• _DATASET EXTRACT_
--------------------------------
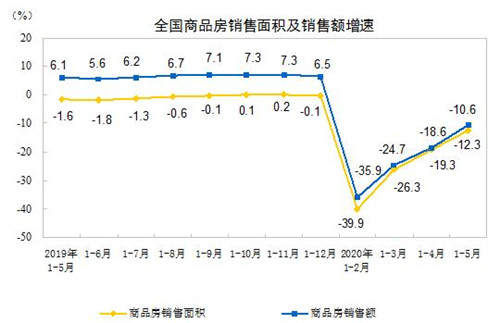 商品房銷售額46269億元,下降10.6%,降幅比1—4月份收窄8.0個(gè)百分點(diǎn)。其中,住宅銷售額下降8.4%,辦公樓銷售額下降35.3%,商業(yè)營業(yè)用房銷售額下降26.6%。
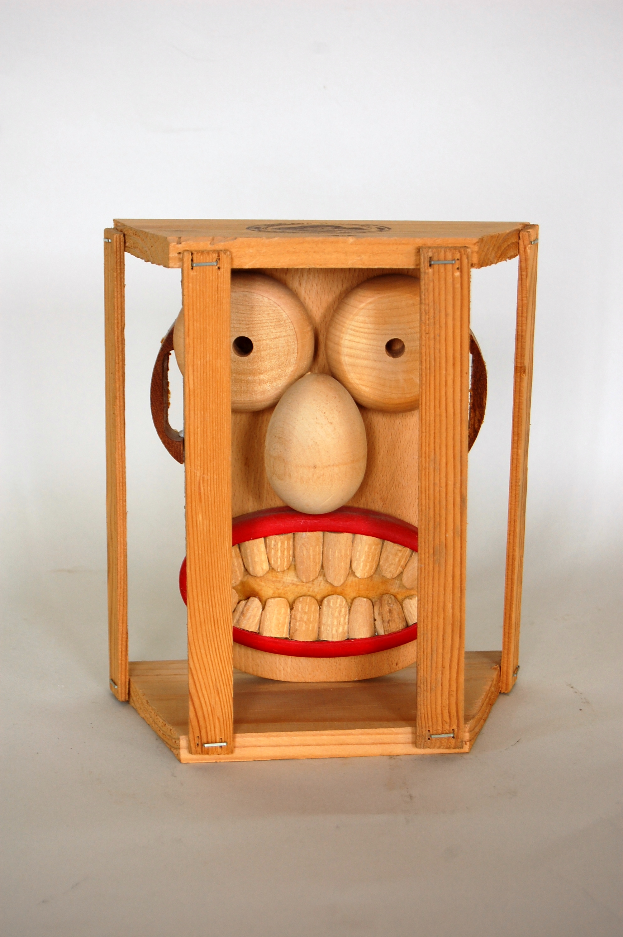 Description: A wooden form shaped like a basket with half-hexagonal sides and only four cross supports is placed vertically on one of its sides with the bottom of the basket facing the viewer. Situated in this manner, the sides of the basket appear as a base and top for the piece and the cross supports appear as vertical bars of a jail cell. A wooden board with a rounded bottom is placed inside of the basket area and is detailed to represent a face. Two identical round wooden forms with holes drilled through them represent eyes, an egg-shaped wooden form represents a nose, and a wooden ring painted red represents the mouth. Carved wooden forms shaped like teeth line the interior of the oval-shaped mouth and appear clenched, emphasizing the gnarled look on his face. Arched wooden forms are attached to each side of his head, representing ears.
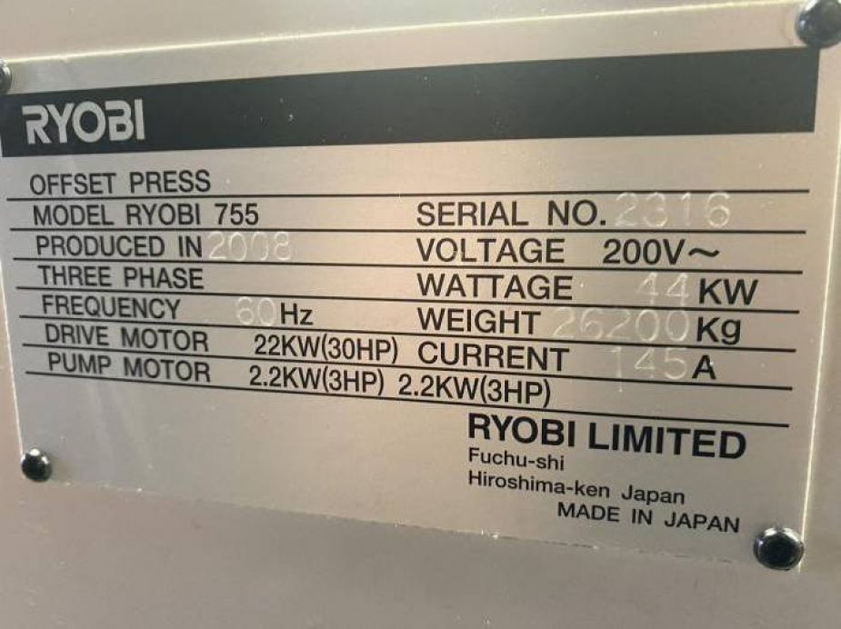 год выпуска 2008, пробег 116, Max. Sheet Size: 788 x 600 mm. • Grafix Powder Spray Unit IR/HA. • Harris & Burno LC2 (Lithocoat) Coating Pump System. • Open Type Doctor Blade Coating System. • RYOBI PCS-G Printing Control System. • RYOBI Program Inking. • Ink Volume Setter-CIP4. • PDS-E Spectro Auto. • Paper Size Preset System. • Semiautomatic Plate Changer. • Pull Guide Preset System. • RYOBI-matic-D. • Tresu/Royse DWC 20-3 Circulator. • Ink Oscillating Form Roller. • Plate Register Remote Control Device (Vertical, Lateral, Diagonal) • Automatic Blanket Cleaning Washer • Automatic Impression Cylinder Washer • Static Eliminator (Blower type at the feeder side) • Suction Tape Feeder Board. • Pull Side Guide Suction Wheel. • Side Lay Sensor. • Front Lay Blower • Double Sheet Detector (Mechanical) • Ultrasonic Type Double Sheet Detector • Skewed Paper Detector • Paper Transfer Jam Detector • Delivery Jam Detector • Delivery Decurling Device • Non stop Delivery Racking System Long double delivery ( E ) • Non stop Feeder • Skid Type Paper Pile Board. • Light weight paper feeding kit
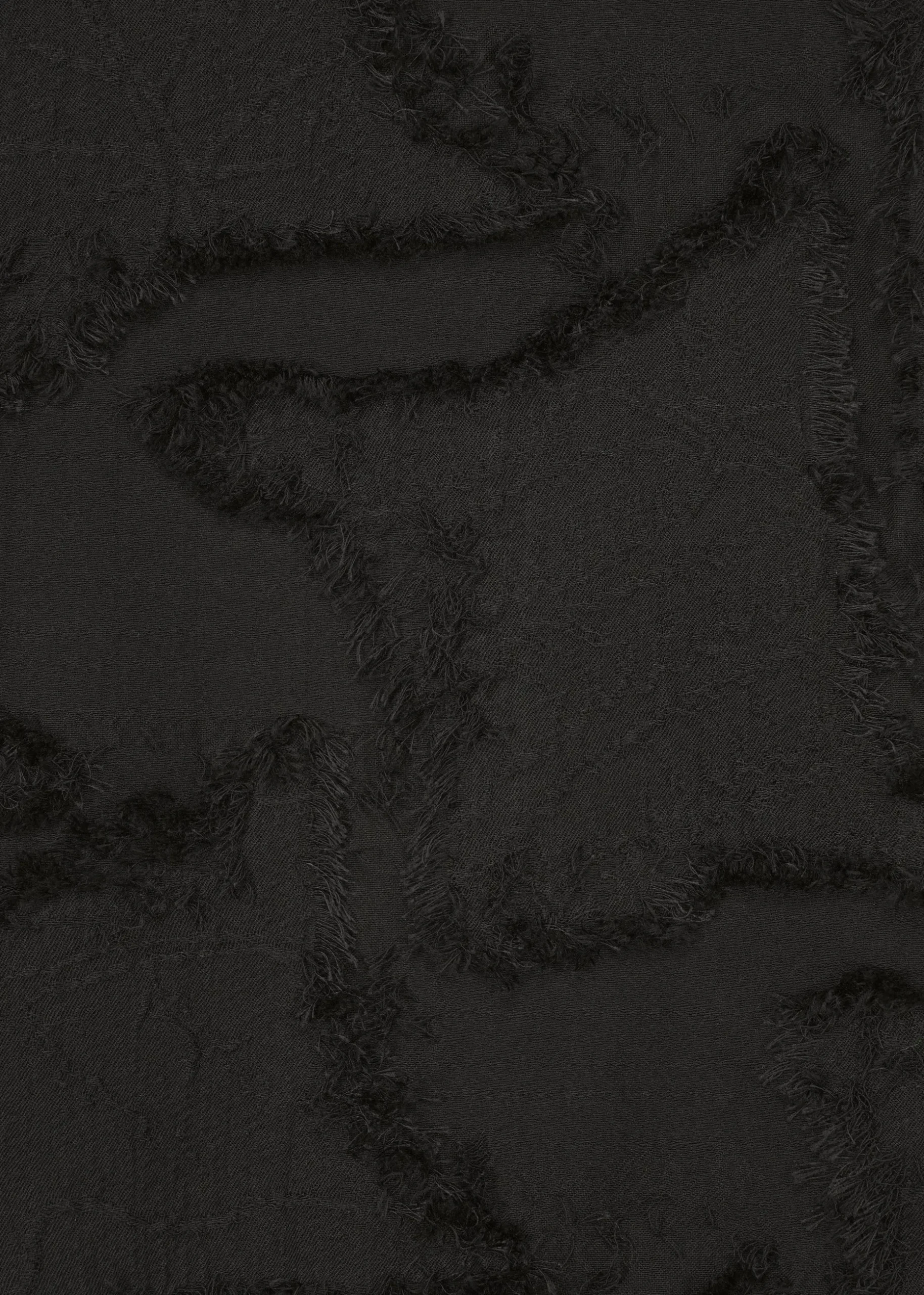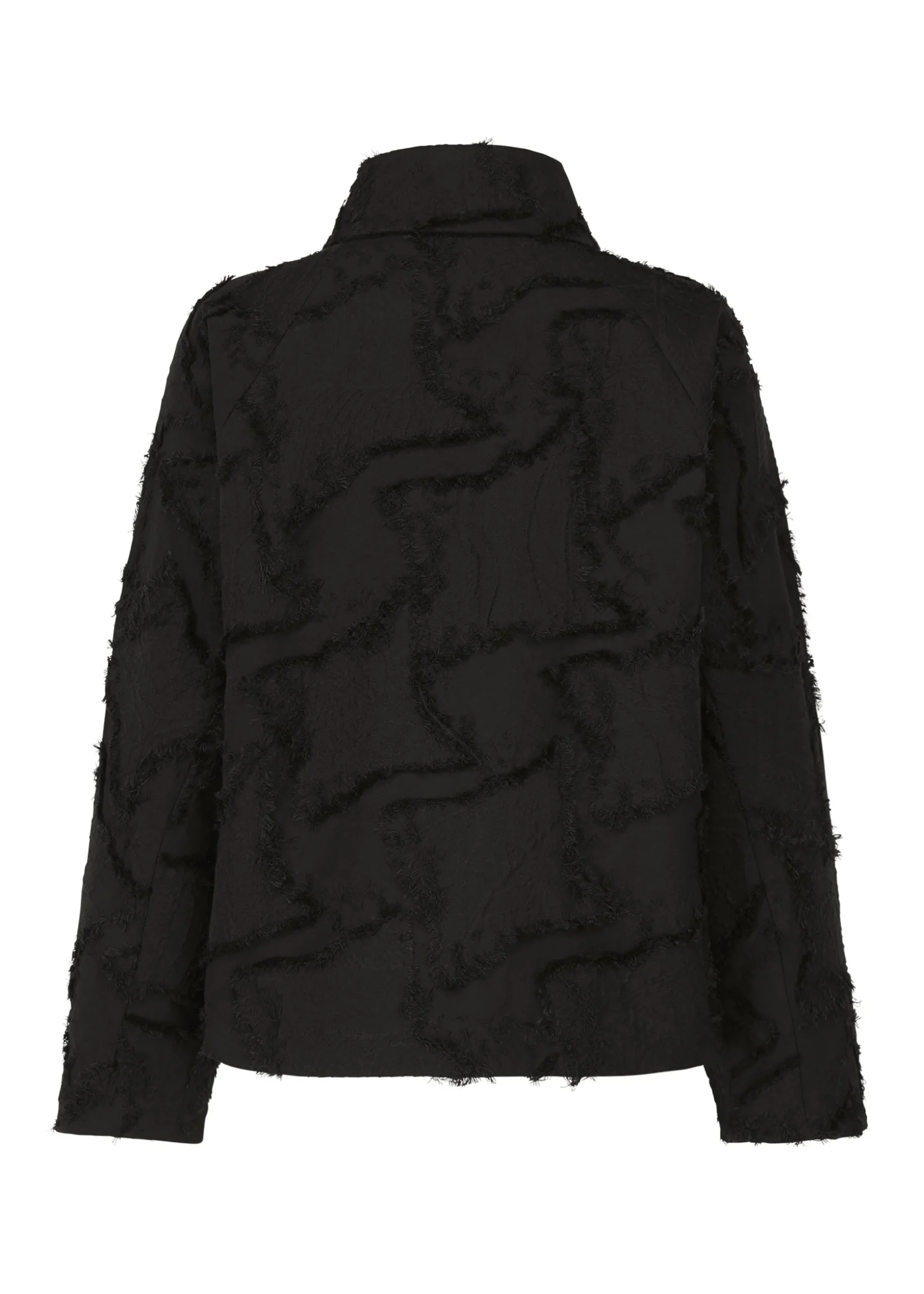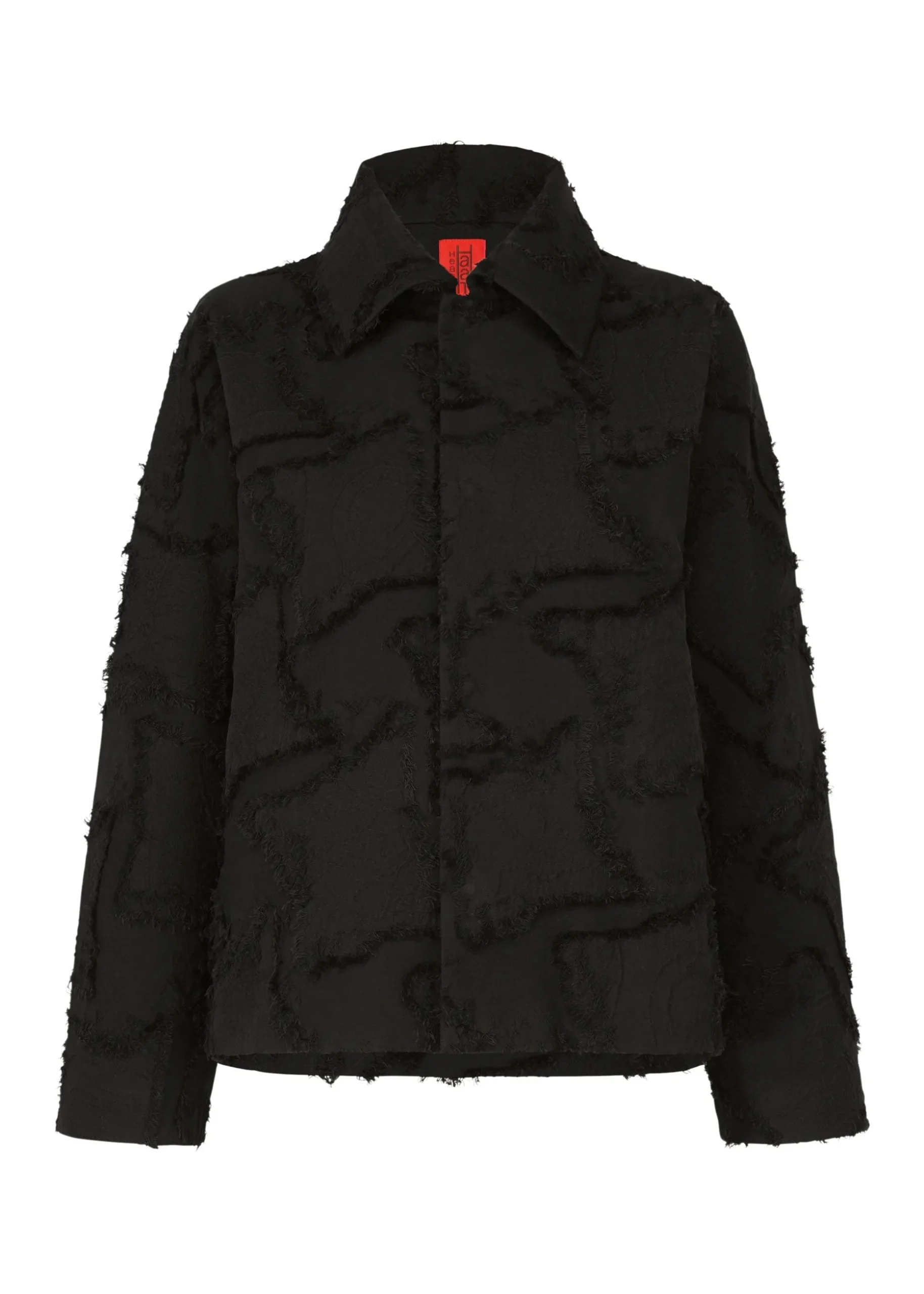 A jacket made of cut jacquard fabric with a staggered pattern inspired by the veins of leaves in trees. After weaving a complex jacquard with a double structure using two colors of cotton thread for the warp thread and two colors of cotton thread and one color of polyester thread for the weft thread, we cut the threads where the warp and weft threads cross to create a three-dimensional pattern.
--------------------------------
• _YOUR INSTRUCTIONS_
The data above should be restated exactly, with its images dropped.

• _RESPONSE TO THIS EXERCISE_
 商品房銷售額46269億元,下降10.6%,降幅比1—4月份收窄8.0個(gè)百分點(diǎn)。其中,住宅銷售額下降8.4%,辦公樓銷售額下降35.3%,商業(yè)營業(yè)用房銷售額下降26.6%。
 Description: A wooden form shaped like a basket with half-hexagonal sides and only four cross supports is placed vertically on one of its sides with the bottom of the basket facing the viewer. Situated in this manner, the sides of the basket appear as a base and top for the piece and the cross supports appear as vertical bars of a jail cell. A wooden board with a rounded bottom is placed inside of the basket area and is detailed to represent a face. Two identical round wooden forms with holes drilled through them represent eyes, an egg-shaped wooden form represents a nose, and a wooden ring painted red represents the mouth. Carved wooden forms shaped like teeth line the interior of the oval-shaped mouth and appear clenched, emphasizing the gnarled look on his face. Arched wooden forms are attached to each side of his head, representing ears.
 год выпуска 2008, пробег 116, Max. Sheet Size: 788 x 600 mm. • Grafix Powder Spray Unit IR/HA. • Harris & Burno LC2 (Lithocoat) Coating Pump System. • Open Type Doctor Blade Coating System. • RYOBI PCS-G Printing Control System. • RYOBI Program Inking. • Ink Volume Setter-CIP4. • PDS-E Spectro Auto. • Paper Size Preset System. • Semiautomatic Plate Changer. • Pull Guide Preset System. • RYOBI-matic-D. • Tresu/Royse DWC 20-3 Circulator. • Ink Oscillating Form Roller. • Plate Register Remote Control Device (Vertical, Lateral, Diagonal) • Automatic Blanket Cleaning Washer • Automatic Impression Cylinder Washer • Static Eliminator (Blower type at the feeder side) • Suction Tape Feeder Board. • Pull Side Guide Suction Wheel. • Side Lay Sensor. • Front Lay Blower • Double Sheet Detector (Mechanical) • Ultrasonic Type Double Sheet Detector • Skewed Paper Detector • Paper Transfer Jam Detector • Delivery Jam Detector • Delivery Decurling Device • Non stop Delivery Racking System Long double delivery ( E ) • Non stop Feeder • Skid Type Paper Pile Board. • Light weight paper feeding kit
 A jacket made of cut jacquard fabric with a staggered pattern inspired by the veins of leaves in trees. After weaving a complex jacquard with a double structure using two colors of cotton thread for the warp thread and two colors of cotton thread and one color of polyester thread for the weft thread, we cut the threads where the warp and weft threads cross to create a three-dimensional pattern.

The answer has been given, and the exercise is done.